Equity Ownership & Alignment
| Metric | As of 2024 Record Date | As of 2025 Record Date |
|---|---|---|
| Shares Beneficially Owned (Bruce L. Rubin) | 10,949 | 10,949 |
| Percentage of Class | “Less than one percent” | “Less than one percent” |
| Shares Outstanding (for % basis) | 62,705,628 | 76,027,372 |
| Dollar Range of Director Ownership (matrix provided for directors only; Rubin is an officer) | Not applicable | Not applicable |
Policy signals:
- Hedging: Covered Persons are prohibited from hedging/monetization transactions in OXSQ securities, except covered call writing, which requires pre‑clearance by the Chief Compliance Officer. This restriction reduces the ability of insiders to hedge economic exposure, though covered calls introduce limited monetization potential subject to controls.
Employment Terms
- Role and Tenure: CFO, Chief Accounting Officer, Corporate Secretary since August 2015; prior Controller (2005–2015), Treasurer (since 2009).

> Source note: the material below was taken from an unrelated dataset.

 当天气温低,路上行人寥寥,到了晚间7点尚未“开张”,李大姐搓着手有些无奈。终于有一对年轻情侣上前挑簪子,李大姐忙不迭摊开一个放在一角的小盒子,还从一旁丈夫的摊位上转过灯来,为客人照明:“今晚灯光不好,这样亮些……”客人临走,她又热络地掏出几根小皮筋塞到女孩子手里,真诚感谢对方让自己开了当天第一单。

- Compensation Arrangement: Paid by Oxford Funds (administrator); OXSQ reimburses an allocable portion based on time spent; no direct salary/bonus from OXSQ disclosed.

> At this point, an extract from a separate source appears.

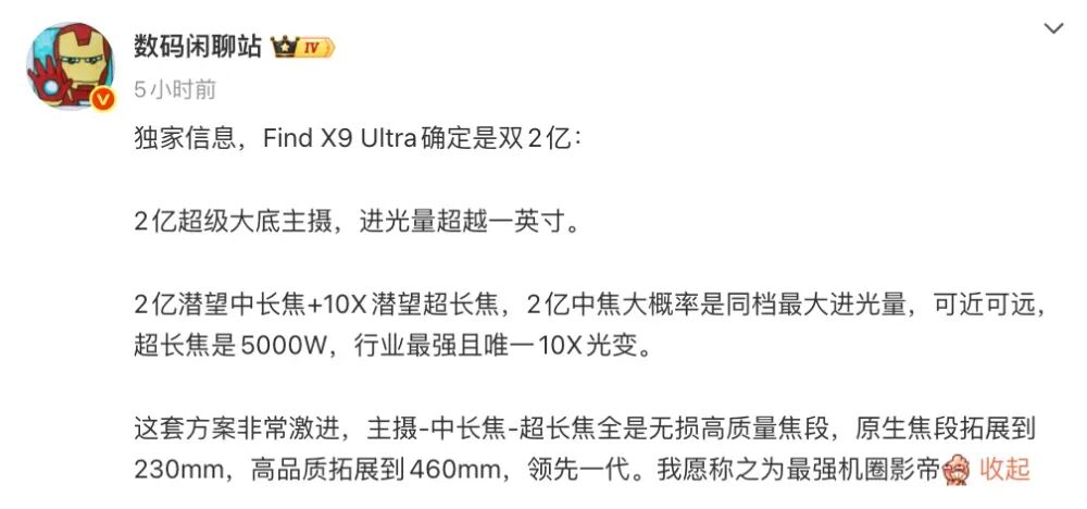 参考博主@数码闲聊站 的爆料来看,OPPO Find X9 Ultra确定是双2亿。

- Equity Awards/Options: No stock options or similar option‑like instruments granted by OXSQ in FY 2024.
- Insider Trading/Hedging: Hedging prohibited except covered calls, which require pre‑clearance.

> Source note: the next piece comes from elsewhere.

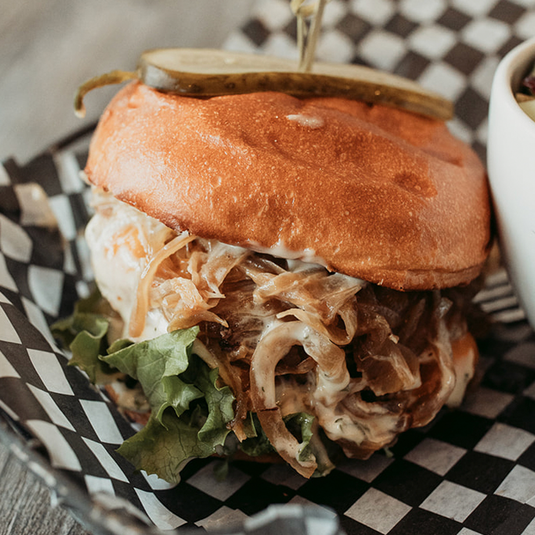 A 5 oz Hopcott Farms Prime Rib Patty, Cheddar Cheese, Caramelized Onions, Roasted Garlic Herb Aioli, Lettuce, and Tomato served on a Brioche Bun.

- Severance/Change‑of‑Control/Clawback/Ownership Guidelines/Pledging: No disclosures specific to Rubin in OXSQ’s proxy statements. (Compensation discussion focuses on external manager/admin structure; no executive contracts or severance terms are presented.)
Investment Implications
- Compensation alignment: Because Rubin does not receive direct OXSQ‑paid compensation and no performance incentive plan is disclosed, pay‑for‑performance linkage at the OXSQ entity level is weak. Reimbursed admin costs declined from $916k (FY22) to $825k (FY23) to $747k (FY24), suggesting lower cost allocation over time rather than explicit performance‑based pay.
- Insider selling pressure: Absence of OXSQ equity/option grants and small beneficial ownership (~10,949 shares; “<1%”) imply limited forced selling from vesting schedules; hedging is constrained, with covered calls only via pre‑clearance. Near‑term selling pressure from Rubin’s holdings appears low.
- Retention risk: Rubin’s compensation flows through the administrator (Oxford Funds) and is reimbursed by OXSQ, with no severance or change‑of‑control economics disclosed. Retention likely depends on broader Oxford platform economics and governance rather than OXSQ‑specific pay levers.
- Alignment/related‑party dynamics: The externally managed structure and Rubin’s multiple roles across Oxford entities introduce potential conflicts of interest noted in the proxy; oversight occurs via independent directors and committee processes, but investor alignment relies on advisory agreement economics rather than executive equity incentives.
- Trading signals: With small disclosed ownership and prohibited hedging beyond covered calls, Rubin’s personal trading is both limited and controlled. Form 4 data could sharpen signals, but current analysis relies on proxy disclosures due to tool access limits; monitor future filings for any changes.